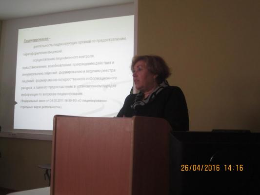 Матвеева Г.Н., начальник отдела лицензирования, государственной аккредитации и подтверждения документов управления надзора в сфере образования министерства образования и науки Архангельской области – о результатах лицензионного контроля государственных профессиональных образовательных организаций Архангельской области.
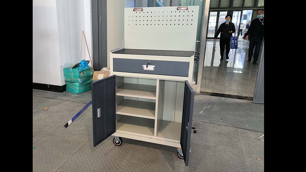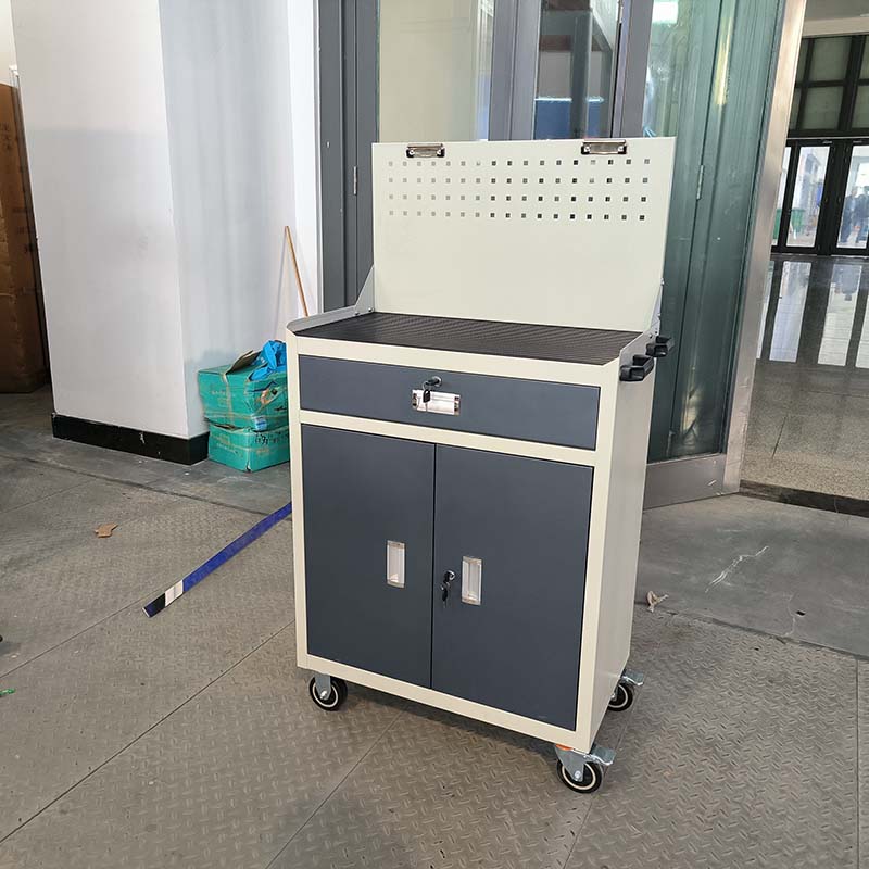 1、外形尺寸:长720*宽420*高980+250mm; 2、配置:柜顶三面向上折边,配一块黑色防滑胶皮;柜顶上部配一块方孔背板,配两个图纸夹,方便工人师傅加放图纸;下配一空抽屉,抽屉采用三节走珠导轨,单抽均布承重50kg以内;下面配两扇对开门,门内配两横一纵固定层板(分4个空间);底部配一副4寸两定两活带刹车聚氨酯脚轮; 3、用料:抽屉面板及背板板厚1.2mm,其余均为1.0mm; 4、颜色:门和抽屉为深灰色,其均为RAL7035(灰皱); 5、表面处理:静电喷塑处理;
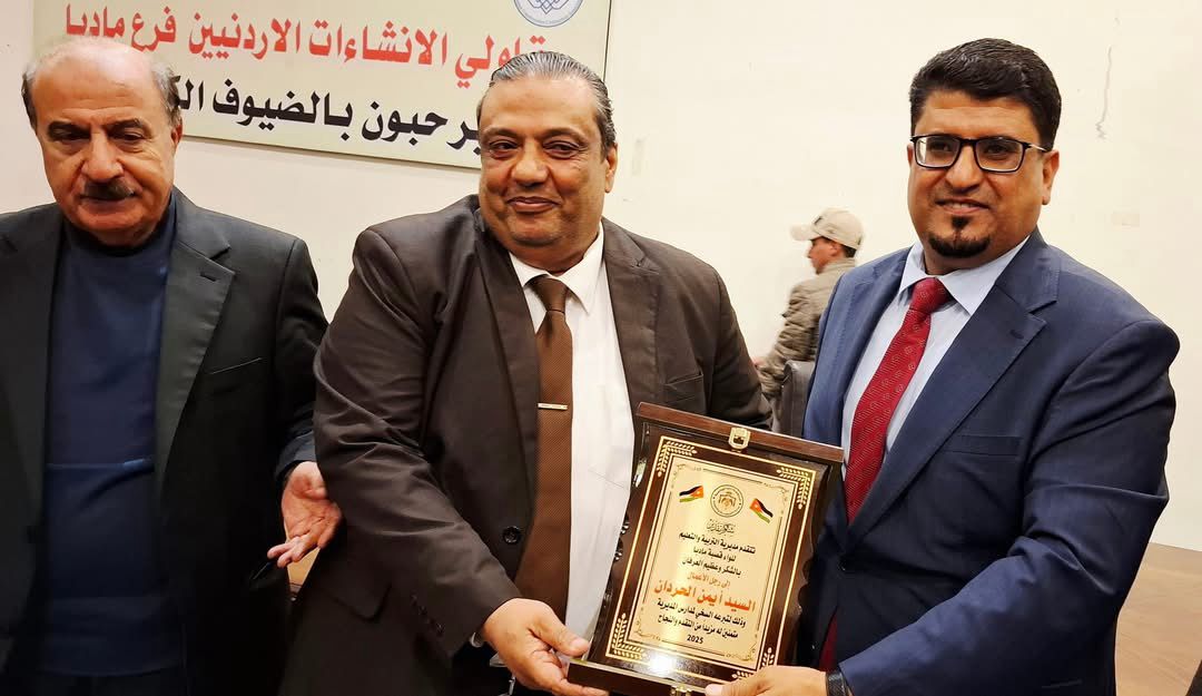 وفي الختام، قام راعي الحفل العين محمد خريبات الازايده ، برفقة مدير أوقاف مادبا ومدير تربية قصبة مادبا ، بتسليم ثلاثة دروع تقديرية مقدمة من مجلس إعمار مادبا ومديرية التربية والتعليم ومديرية الأوقاف تكريمًا لرجل الأعمال أيمن مفلح الحردان.
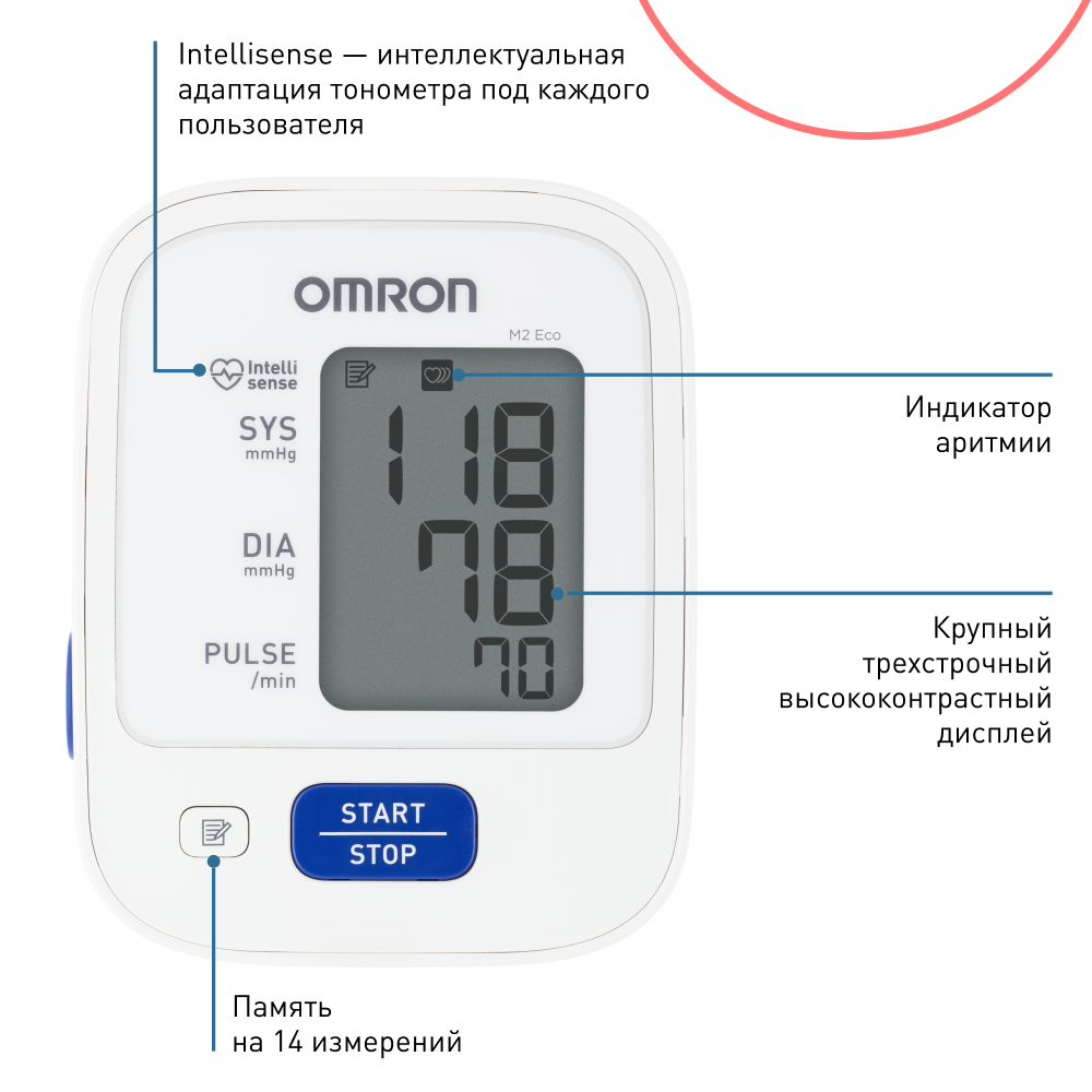 OMRON M2 Eco ARU – тонометр автоматический на плечо для измерения давления и частоты пульса. Набор оптимальных функций по доступной цене. Запатентованная технология IntelliSense от компании OMRON Управляет процессом измерения и рассчитывает давление из трех показателей: ЧСС (частоты сердечных сокращений), времени измерения и осцилляции. Благодаря этому процесс измерения и давление в манжете подстраиваются под конкретного пользователя, который может быть уверен в точности полученного результата. Тонометр для давления клинически апробирован. Его датчик давления – главный компонент для измерения артериального давления, производится в Японии. Стандартная веерообразная манжета для тонометра 22–32 см повторяет форму плеча и плотно его облегает. За счет этого давление распределяется по манжете равномерно. Все тонометры для измерения давления OMRON снабжены индикатором аритмии – алгоритмом обнаружения нерегулярного сердцебиения. Если прибор обнаружит при измерении измененный сердечный ритм, он оценит достоверность результатов. В том случае если тонометр не сможет провести измерение, на экране появится значок ошибки, а измерение придется повторить. Если значок аритмии появляется часто, нужно обратиться к врачу. Графический индикатор уровня артериального давления поможет сориентироваться в показаниях и сверить их с отметками о нормах давления. Объем памяти рассчитан на 14 измерений. Тонометр автоматический работает от адаптера переменного тока и также от четырех элементов питания АА (в комплекте), что позволяет держать давление под контролем не только дома, но и на работе, на даче, в поездке. Обслуживание в собственных сервисных центрах в 77 городах России, каждый их которых гарантирует качество предоставления сервисных услуг по ремонту медицинской техники OMRON. Комплектация Электронный блок, манжета компрессионная CM, руководство по эксплуатации, чехол для хранения прибора, комплект элементов питания, адаптер переменного тока, журнал для записи артериального давления, гарантийный талон.
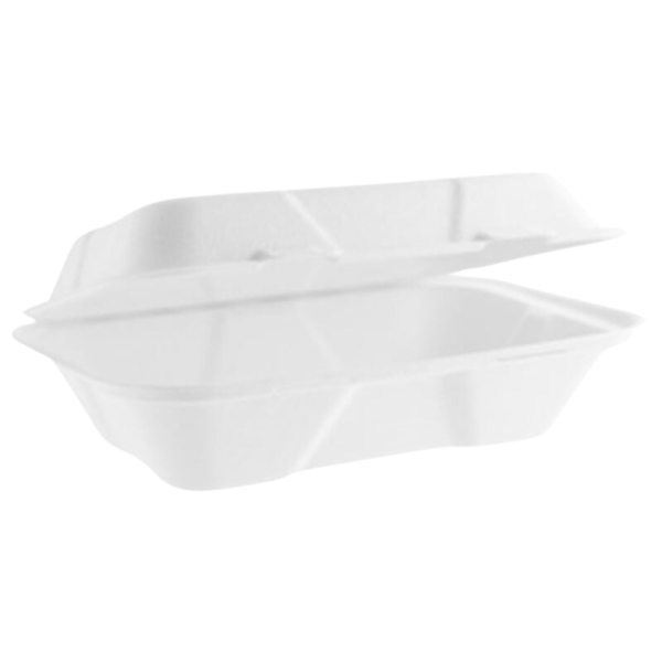 Biodegradable rectangular hinge lidded takeaway box suitable hot or cold foods. These long HP3 boxes are prefect for serving fish and chips, with 2 clip closure system for to secure the hinged lid.
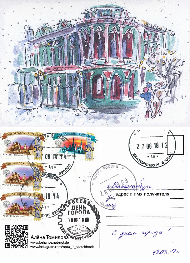 Сегодня достали из почтового ящика открытку, отправленную в День города. |
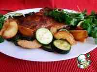 На этом этапе можно добавить овощи. Я нарезала один цукини шайбами, одно яблоко и одну айву дольками. Это не обязательно, мне так
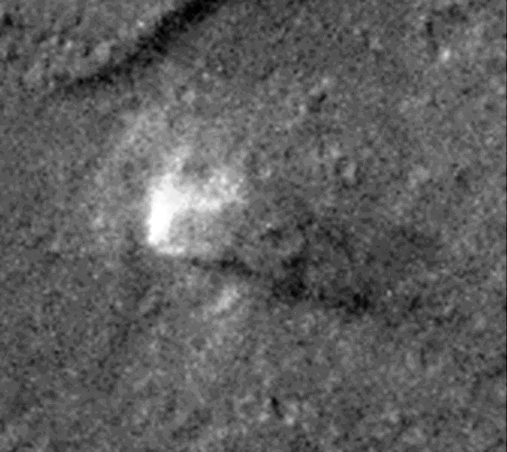 Находясь на расстоянии примерно 0,6 миль (1 километр) от места столкновения, марсоход зафиксировал крупный пылевой вихрь диаметром около 65 метров, который захватывает более мелкий вихрь, движущийся позади. Эти закрученные столбы воздуха, известные как пылевые вихри, являются распространенным, но хаотичным явлением на Марсе.
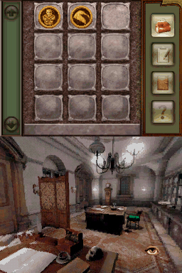Le gameplay à été conservé et adapté pour la console de Nintendo, ainsi l’on retrouve une interface avec un curseur présent en continue à l’écran du bas, c’est sur ce dernier que tout se déroulera, sur l’écran du haut on trouvera l’affichage en permanence de l’inventaire que l’on pourra faire apparaître sur l’écran du bas par une simple pression sur le bouton L (gâchette gauche) de la DS, afin de pouvoir interagir avec ces derniers.
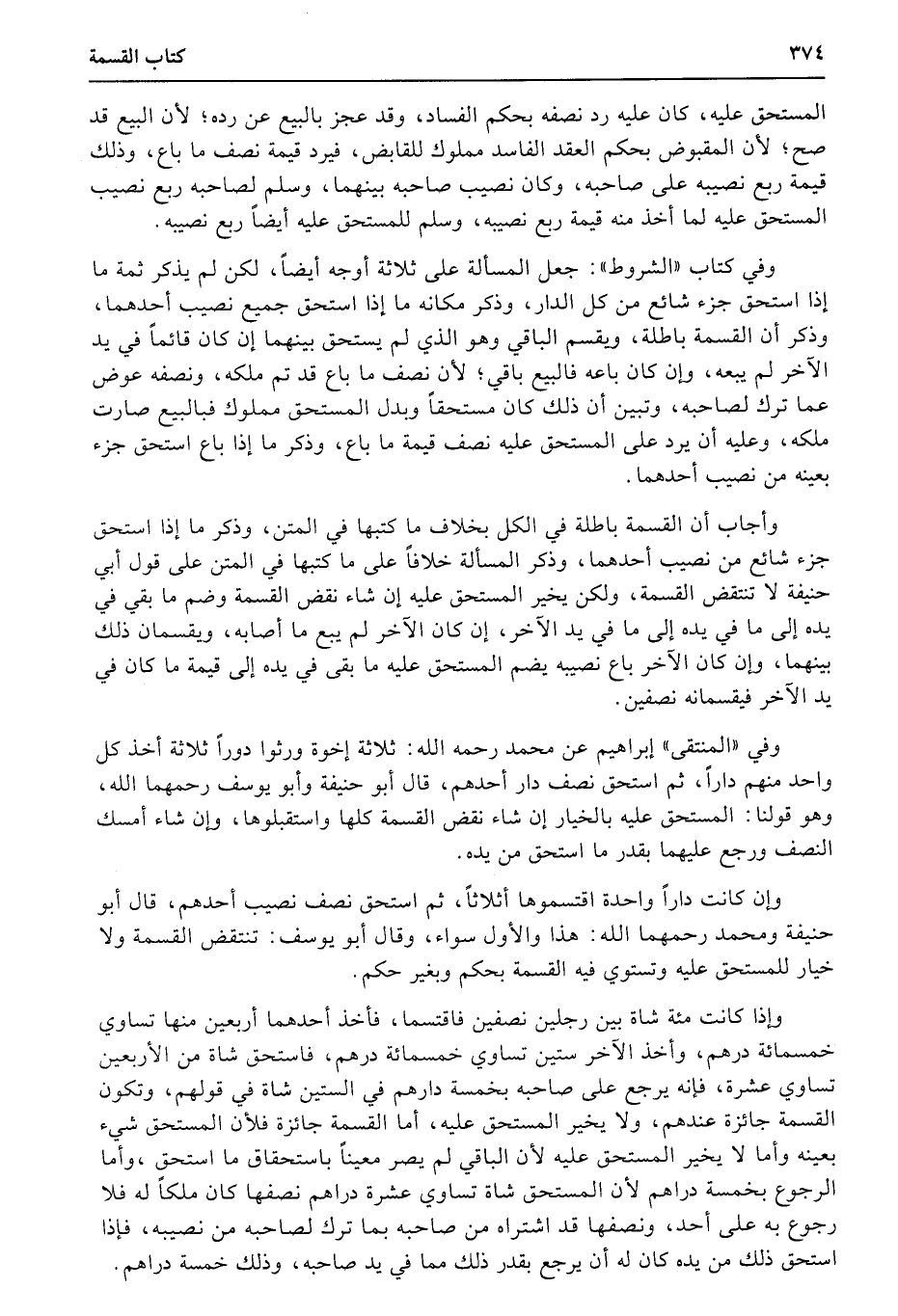 وأجاب أن القسمة باطلة في الكل بخلاف ما كتبها في المتن، وذكر ما إذا استحق جزء شائع من نصيب أحدهما، وذكر المسألة خلافاً على ما كتبها في المتن على قول أبي حنيفة لا تنتقض القسمة، ولكن يخير المستحق عليه إن شاء نقض القسمة وضم ما بقي في يده إلى ما في يده إلى ما في يد الآخر، إن كان الآخر لم يبع ما أصابه، ويقسمان ذلك بينهما، وإن كان الآخر باع نصيبه يضم المستحق عليه ما بقى في يده إلى قيمة ما كان في يد الآخر فيقسمانه نصفين.

● REQUIRED ACTION:
The result should be a precise copy of all the entries, free of pictures.

● RESULT OF THIS TASK:
 Матвеева Г.Н., начальник отдела лицензирования, государственной аккредитации и подтверждения документов управления надзора в сфере образования министерства образования и науки Архангельской области – о результатах лицензионного контроля государственных профессиональных образовательных организаций Архангельской области.
 1、外形尺寸:长720*宽420*高980+250mm; 2、配置:柜顶三面向上折边,配一块黑色防滑胶皮;柜顶上部配一块方孔背板,配两个图纸夹,方便工人师傅加放图纸;下配一空抽屉,抽屉采用三节走珠导轨,单抽均布承重50kg以内;下面配两扇对开门,门内配两横一纵固定层板(分4个空间);底部配一副4寸两定两活带刹车聚氨酯脚轮; 3、用料:抽屉面板及背板板厚1.2mm,其余均为1.0mm; 4、颜色:门和抽屉为深灰色,其均为RAL7035(灰皱); 5、表面处理:静电喷塑处理;
 وفي الختام، قام راعي الحفل العين محمد خريبات الازايده ، برفقة مدير أوقاف مادبا ومدير تربية قصبة مادبا ، بتسليم ثلاثة دروع تقديرية مقدمة من مجلس إعمار مادبا ومديرية التربية والتعليم ومديرية الأوقاف تكريمًا لرجل الأعمال أيمن مفلح الحردان.
 OMRON M2 Eco ARU – тонометр автоматический на плечо для измерения давления и частоты пульса. Набор оптимальных функций по доступной цене. Запатентованная технология IntelliSense от компании OMRON Управляет процессом измерения и рассчитывает давление из трех показателей: ЧСС (частоты сердечных сокращений), времени измерения и осцилляции. Благодаря этому процесс измерения и давление в манжете подстраиваются под конкретного пользователя, который может быть уверен в точности полученного результата. Тонометр для давления клинически апробирован. Его датчик давления – главный компонент для измерения артериального давления, производится в Японии. Стандартная веерообразная манжета для тонометра 22–32 см повторяет форму плеча и плотно его облегает. За счет этого давление распределяется по манжете равномерно. Все тонометры для измерения давления OMRON снабжены индикатором аритмии – алгоритмом обнаружения нерегулярного сердцебиения. Если прибор обнаружит при измерении измененный сердечный ритм, он оценит достоверность результатов. В том случае если тонометр не сможет провести измерение, на экране появится значок ошибки, а измерение придется повторить. Если значок аритмии появляется часто, нужно обратиться к врачу. Графический индикатор уровня артериального давления поможет сориентироваться в показаниях и сверить их с отметками о нормах давления. Объем памяти рассчитан на 14 измерений. Тонометр автоматический работает от адаптера переменного тока и также от четырех элементов питания АА (в комплекте), что позволяет держать давление под контролем не только дома, но и на работе, на даче, в поездке. Обслуживание в собственных сервисных центрах в 77 городах России, каждый их которых гарантирует качество предоставления сервисных услуг по ремонту медицинской техники OMRON. Комплектация Электронный блок, манжета компрессионная CM, руководство по эксплуатации, чехол для хранения прибора, комплект элементов питания, адаптер переменного тока, журнал для записи артериального давления, гарантийный талон.
 Biodegradable rectangular hinge lidded takeaway box suitable hot or cold foods. These long HP3 boxes are prefect for serving fish and chips, with 2 clip closure system for to secure the hinged lid.
 Сегодня достали из почтового ящика открытку, отправленную в День города. |
 На этом этапе можно добавить овощи. Я нарезала один цукини шайбами, одно яблоко и одну айву дольками. Это не обязательно, мне так
 Находясь на расстоянии примерно 0,6 миль (1 километр) от места столкновения, марсоход зафиксировал крупный пылевой вихрь диаметром около 65 метров, который захватывает более мелкий вихрь, движущийся позади. Эти закрученные столбы воздуха, известные как пылевые вихри, являются распространенным, но хаотичным явлением на Марсе.
Le gameplay à été conservé et adapté pour la console de Nintendo, ainsi l’on retrouve une interface avec un curseur présent en continue à l’écran du bas, c’est sur ce dernier que tout se déroulera, sur l’écran du haut on trouvera l’affichage en permanence de l’inventaire que l’on pourra faire apparaître sur l’écran du bas par une simple pression sur le bouton L (gâchette gauche) de la DS, afin de pouvoir interagir avec ces derniers.
 وأجاب أن القسمة باطلة في الكل بخلاف ما كتبها في المتن، وذكر ما إذا استحق جزء شائع من نصيب أحدهما، وذكر المسألة خلافاً على ما كتبها في المتن على قول أبي حنيفة لا تنتقض القسمة، ولكن يخير المستحق عليه إن شاء نقض القسمة وضم ما بقي في يده إلى ما في يده إلى ما في يد الآخر، إن كان الآخر لم يبع ما أصابه، ويقسمان ذلك بينهما، وإن كان الآخر باع نصيبه يضم المستحق عليه ما بقى في يده إلى قيمة ما كان في يد الآخر فيقسمانه نصفين.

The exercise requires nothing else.